林田はそこで気づく。しっかりとした構えからの左ジャブ。知らぬ間に菊地の指導が土台になっていたことを。基礎が出来ているため、厳しい練習にもなんとかついていける。
「岩佐はテクニックがあるし三須は速い。あの2人の存在がなかったら、今の自分はない。『三羽がらす』と言われましたが、2人と僕の間にはレベルの差がありましたね」
将来のプロボクシング入りを公言する岩佐。だが、林田にはプロの道やアマで五輪を目指す考えは一切なかった。
「父が自営業でバブル崩壊の後、苦労した時代背景もあって、母が口癖のように『公務員はいいわね』と言っていた。自分も『そこそこ、堅実がいいんだ』と思って、何事においても欲がなかった。そういう育った環境が大きかったかもしれませんね」
高1の夏、地元の千葉・鴨川でインターハイが開催され、林田ら習志野高の1年生はタイムキーパーやゴングを鳴らすなど試合運営の手伝いをすることになった。そのとき、目を奪われた1人のボクサーがいた。大阪・興国高の井岡一翔だった。
「うわぁ、すげえな、これが井岡か……。絶対に手の届かない存在だな」
1学年上の井岡は春の選抜選手権で優勝し、既に注目を集めていた。攻撃的でボディやショートのパンチが巧い。リングで光り輝く井岡が眩しかった。試合運営の手伝いをしながら、井岡を見ては学んだ。
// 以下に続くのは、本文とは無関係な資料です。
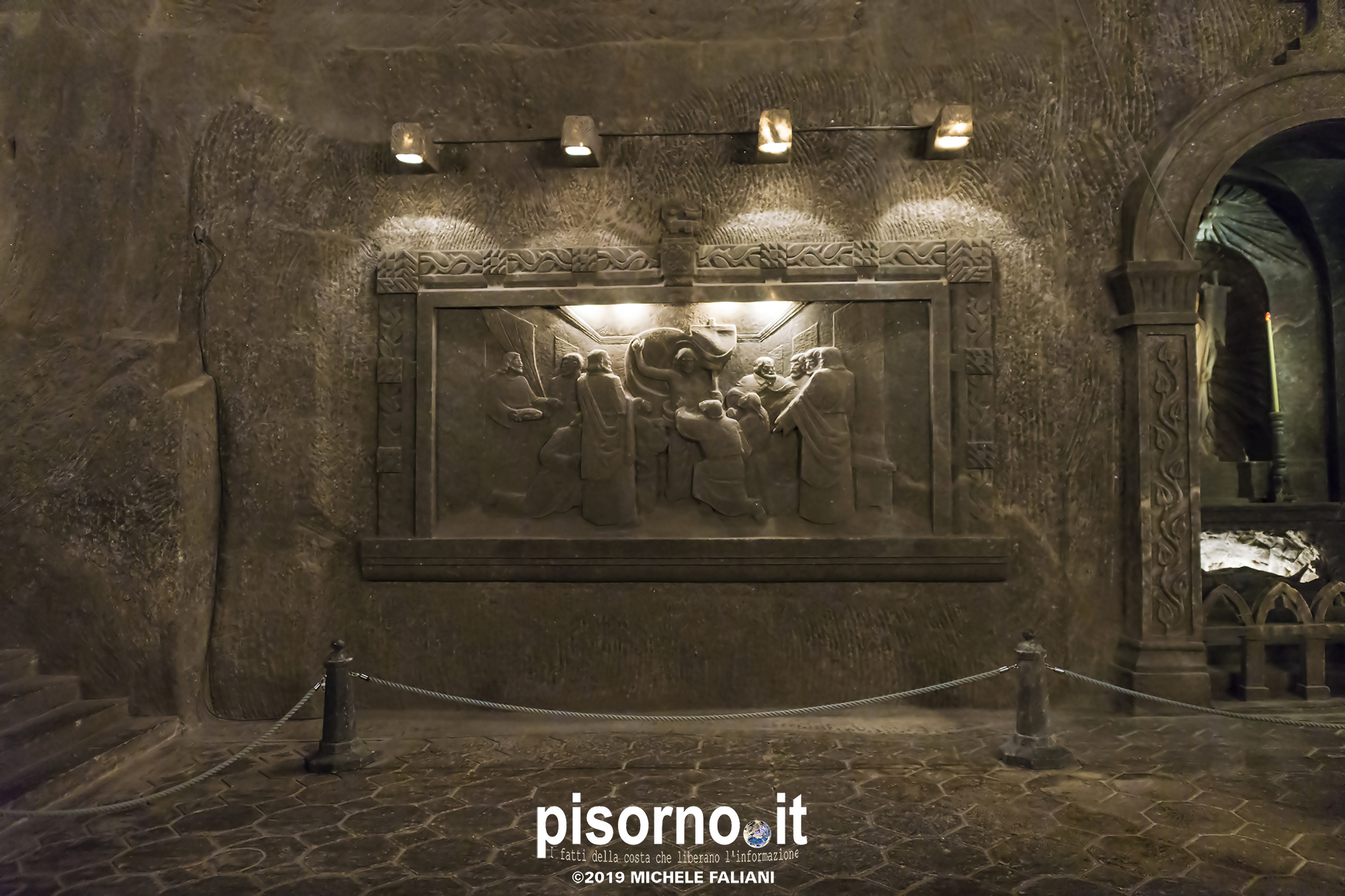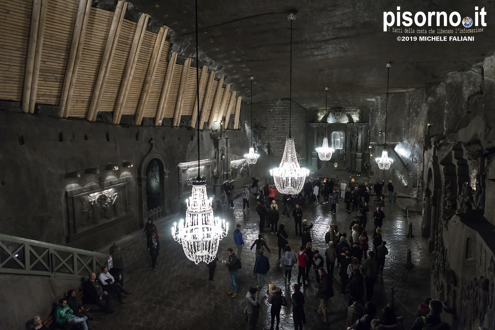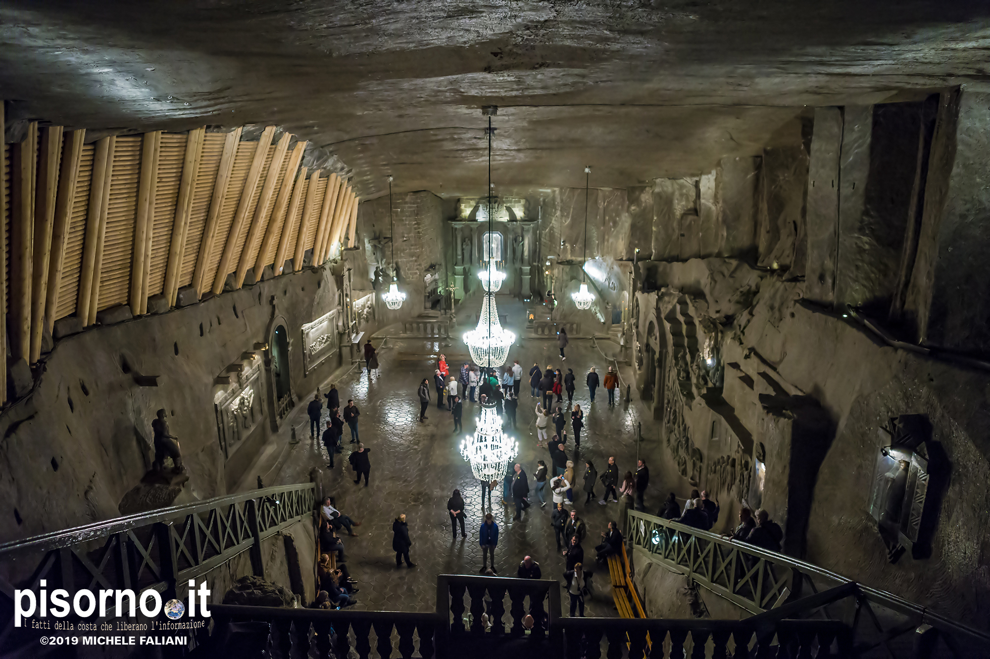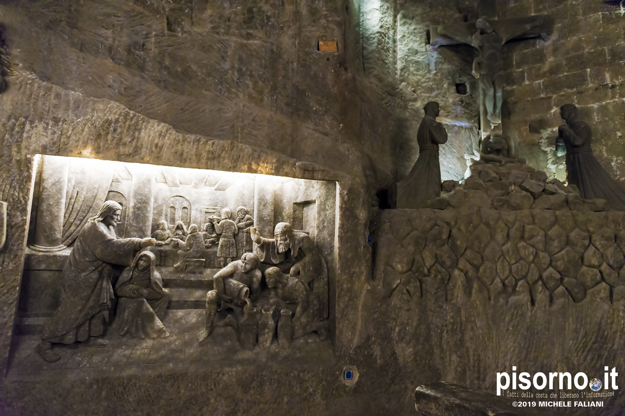 Continuiamo la scoperta di Cracovia e dei suoi dintorni, dopo aver parlato del museo di Auschwitz Birkenau, con la miniera di sale di Wieliczka. Funzionante dal XIII secolo fino al 1996, è adesso sotto la tutela dell’Unesco come patrimonio dell’umanità. Wieliczka è una cittadina di neanche 50000 abitanti, posta 18 km a sud di Cracovia (bellissima città che, ripetiamo, è facilmente raggiungibile da Pisa con economici voli low-cost), che nacque proprio intorno ai primi pozzi scavati per l’estrazione del sale. La miniera è enorme; misura quasi 300 km di gallerie che arrivano fino a 327 metri di profondità, ma la parte visitabile dai turisti arriva 150 metri sottoterra per un percorso che si snoda attraverso sale e gallerie per neanche 4 chilometri. Subito dopo l’ingresso si comincia a scendere, a piedi, per quasi 1000 scalini; alla fine della discesa siamo già oltre 100 metri sotto terra, pronti ad iniziare la visita che, fra camminate e soste, durerà oltre 3 ore. La temperatura all’interno della miniera è di 13-14 gradi in qualsiasi periodo dell’anno, quindi (oltre a scarpe comode) è necessario portarsi abiti adeguati. Una guida che parla italiano (molto economica e consigliatissima) inizia la guida fra le 22 sale, collegate fra cunicoli e gallerie dove sono ancora visibili i segni delle escavazioni. Ogni sala presenta numerose sculture scolpite direttamente nel sale dai minatori, da quella di Niccolò Copernico a quella di Papa Giovanni Paolo II (entrambi visitatori della miniera). Quella più bella è sicuramente la Cappella di Santa Kinga, un’enorme sala che viene utilizzata anche per concerti ed eventi sportivi, illuminata da lampadari adornati con cristalli di sale che creano una luce unica. Lungo il perimetro della sala sono ammirabili altre opere d’arte come una copia dell’ Ultima Cena di Leonardo scolpito direttamente nel sale. Prima di arrivare nella sala dove è stato allestito il ristorante (si mangia benissimo, spendendo molto meno di 10€ a testa), si costeggia anche un laghetto sotterraneo, che rende ancora più emozionante la visita. E, alla fine della visita, c’è un comodo e veloce ascensore che riporta in superficie, che evita di fare i 1000 scalini in salita.

林田のスタイルはパンチを放つと、すぐにバックステップを踏み、防御態勢をとる、菊地仕込みの基本に沿ったものだった。だが、次第に「バックステップ」に疑問が生じてきた。
「打った後に下がる必要はないのでは? と思い始めて、打ってさらに前に出たんです。近くで打った方がより効率的じゃないか、と」
中間距離での闘いを目指す選手が多い中、林田は接近戦でショートの打ち方を徹底的に磨き、ファイタースタイルができあがった。岩佐はテクニックとパワーがあり、派手な試合が多い。三須はスピードに長けている。3人はそれぞれ特徴があり、互いをライバル視していた。なかでも勝ち気だった三須と岩佐は衝突することが多かった。
「ちょっと待て、2人とも落ち着けよ!」
そう言って、間に入って仲裁するのが林田の役割だった。主将の三須の愚痴を聞き、岩佐をなだめて自宅まで送っていく。欠かすことのできない潤滑油のような存在だった。
一方で、3人が同じ方向を向くと、チームはまとまり、爆発的な力を発揮する。3年時のインターハイでは、習志野高に44年ぶりとなる全国団体総合優勝をもたらした。
林田の高校生活の最後は選抜とインターハイで準優勝、国体では優勝を飾った。
「周りを見たら岩佐が3冠で、三須はインターハイ王者なので、なんとも思わなかったですね。天狗にならずに済んだのはあの2人のおかげ。本当の仲間です」
大学は関東リーグで1部に上がったばかりの駒澤大に進学した。校舎は渋谷から近く、少し遊んで青春を謳歌したい――そんな淡い思いもあった。
だが、大学でのデビュー戦となるリーグ戦の1試合目。対戦相手は憧れの東農大・井岡だった。